Kevin Hay is Pastor at Grace Community Church in Portsmouth, OH.

4. The Trellis and the Vine by Colin Marshall and Tony Payne

Not a 2015 release, but this book is a refreshing reminder that the goal of all of our ministry endeavors is to make and mature disciples that make much of Christ and reproduce their lives in the lives of others. Too many times we can be ruled by the tyranny of the urgent and simply upholding programs rather than focusing on building people. The focus of this book is beautifully simple and yet surprisingly elusive in the busyness of ministry life. It calls us to “make a conscious shift – away from erecting and maintaining ministry structures, and towards growing people who are disciple-making disciples of Christ.” I found this read very refreshing, encouraging, and practical.
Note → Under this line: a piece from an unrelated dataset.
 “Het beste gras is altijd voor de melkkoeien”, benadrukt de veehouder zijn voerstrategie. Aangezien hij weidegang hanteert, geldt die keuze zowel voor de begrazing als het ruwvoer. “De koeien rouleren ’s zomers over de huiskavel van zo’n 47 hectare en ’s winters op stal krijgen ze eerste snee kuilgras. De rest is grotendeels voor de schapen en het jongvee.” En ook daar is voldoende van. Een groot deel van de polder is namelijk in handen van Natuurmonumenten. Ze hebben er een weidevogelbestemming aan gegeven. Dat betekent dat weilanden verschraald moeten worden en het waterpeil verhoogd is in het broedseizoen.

Aaron Cook is Director of Discipleship at Cedarville University, and a worship leader at Grace Baptist Church. He and his wife Laurie, and their four children, live in Cedarville, OH.

5. Spurgeon’s Sorrows by Zack Eswine

I have traveled and preached on depression nearly a dozen times this year. It seemed that Eswine connected me with Charles Spurgeon in a unique way to move through the fog and darkness of the soul. The Holy Spirit used pastor Spurgeon as a helpful guide into the light of the gospel.
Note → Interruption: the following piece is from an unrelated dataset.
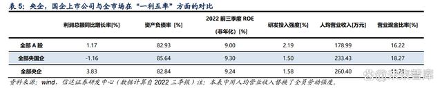 《方案》也要求深化解決部分中央企業(yè)內(nèi)部上市平臺定位不清、分布散亂、實(shí)力較弱的具體問題,并提出了相應(yīng)的量化要求。而《方案》的改革重點(diǎn)由全部國企轉(zhuǎn)變?yōu)檠肫蠊?,我?認(rèn)為這是基于央企控股上市公司的屬性。相對于國企上市公司,央企控股的背景意味著公司 的實(shí)際控制人為國資委,易于統(tǒng)一管理和直接考核,由此進(jìn)行下一步改革的力度深度或?qū)⒏?強(qiáng)。在引入積極股東環(huán)節(jié),完善企業(yè)治理結(jié)構(gòu),進(jìn)行企業(yè)制度創(chuàng)新等方面成效或更顯著。 近年來,為推動(dòng)中央企業(yè)加快實(shí)現(xiàn)高質(zhì)量發(fā)展,國資委探索建立了中央企業(yè)經(jīng)營指標(biāo)體系。 2020 年,首次形成“兩利三率”指標(biāo)體系,包括凈利潤、利潤總額、營業(yè)收入利潤率、資產(chǎn)負(fù) 債率和研發(fā)經(jīng)費(fèi)投入強(qiáng)度。2021 年,為引導(dǎo)中央企業(yè)提高生產(chǎn)效率,增加了全員勞動(dòng)生產(chǎn) 率指標(biāo),完善為“兩利四率”。2022 年,針對“兩利四率”指標(biāo),進(jìn)一步提出“兩增(利潤總額和 凈利潤增速高于國民經(jīng)濟(jì)增速)一控(控制好資產(chǎn)負(fù)債率)三提高(營業(yè)收入利潤率、全員 勞動(dòng)生產(chǎn)率、研發(fā)經(jīng)費(fèi)投入進(jìn)一步提高)”的總體要求。2023 年的中央企業(yè)負(fù)責(zé)人會(huì)議上, 國資委在總結(jié)近幾年工作成效基礎(chǔ)上,對中央企業(yè)經(jīng)營指標(biāo)體系進(jìn)行了優(yōu)化調(diào)整,將“兩利 四率”調(diào)整為“一利五率”。 “一增”即確保利潤總額增速高于全國 GDP 增速;“一穩(wěn)”即企 業(yè)資產(chǎn)負(fù)債率總體保持穩(wěn)定;“四提升”即凈資產(chǎn)收益率、研發(fā)經(jīng)費(fèi)投入強(qiáng)度、全員勞動(dòng)生產(chǎn)率、營業(yè)現(xiàn)金比率 4個(gè)指標(biāo)進(jìn)一步提升。

Nick Nye is the founder and lead pastor of Veritas Community Church. Nick lives in Columbus, Ohio with his wife, Brittany, and four children, Viola, Charlotte, Simone, and Elliott.

6. Gospel: Recovering the Power that Made Christianity Revolutionary by JD Greear

This book is without a doubt the best book that I laid my hands on in 2015. All too often we shelve the central truths of our faith in favor of more obscure, “higher level,” doctrine and theology but Greear will have none of that. This book goes straight to the heart and reminds us that we are freely accepted by God through the finished work of Jesus Christ and then expounds on the myriad ways this should impact our lives. In an evangelical culture that tends to gravitate toward raw moralism and legalism, this book is a solid reminder that when Jesus said “It is finished” he meant it.
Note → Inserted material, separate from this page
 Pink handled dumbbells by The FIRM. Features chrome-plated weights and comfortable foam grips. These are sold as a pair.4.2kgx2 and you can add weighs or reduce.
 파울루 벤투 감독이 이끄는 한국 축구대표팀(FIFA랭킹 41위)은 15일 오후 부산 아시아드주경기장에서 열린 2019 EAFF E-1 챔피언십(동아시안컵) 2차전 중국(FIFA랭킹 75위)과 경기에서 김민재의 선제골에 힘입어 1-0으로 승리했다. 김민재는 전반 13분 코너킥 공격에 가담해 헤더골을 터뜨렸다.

David Dowdy is pastor at Revolution Church in Portsmouth, OH.

7. The Temple and the Church’s Mission: A Biblical Theology of the Dwelling Place of God by G.K. Beale

This volume is found within the New Studies in Biblical Theology (NSBT) series which is edited by D.A. Carson. Beale’s objective is to trace the theme of the temple through the whole of Scripture to demonstrate that the Old Testament temple actually pointed towards the eschatological reality that God’s presence would extend throughout the entire cosmos. Ultimately, however, God’s residence in the temple of the Old Testament was a picture that is fulfilled in Revelation 21 as God dwells in the midst of His covenant people. This particular work helped me to understand the biblical-theological significance of what it means to understand that God dwells with His people, to say that God is with us. Also, this volume is helpful for seeing the organic unity which exists between the Old and New Testaments concerning this essentially and edifying topic. While this work can be a bit dense at times, I strongly recommend it to any Christian that is serious about understanding God’s Word.

Dylan Rowland is an instructor in Philosophy at Shawnee State University, History and Christian Apologetics at Pike Christian Academy, and President of The Southern Ohio Pastors’ Coalition.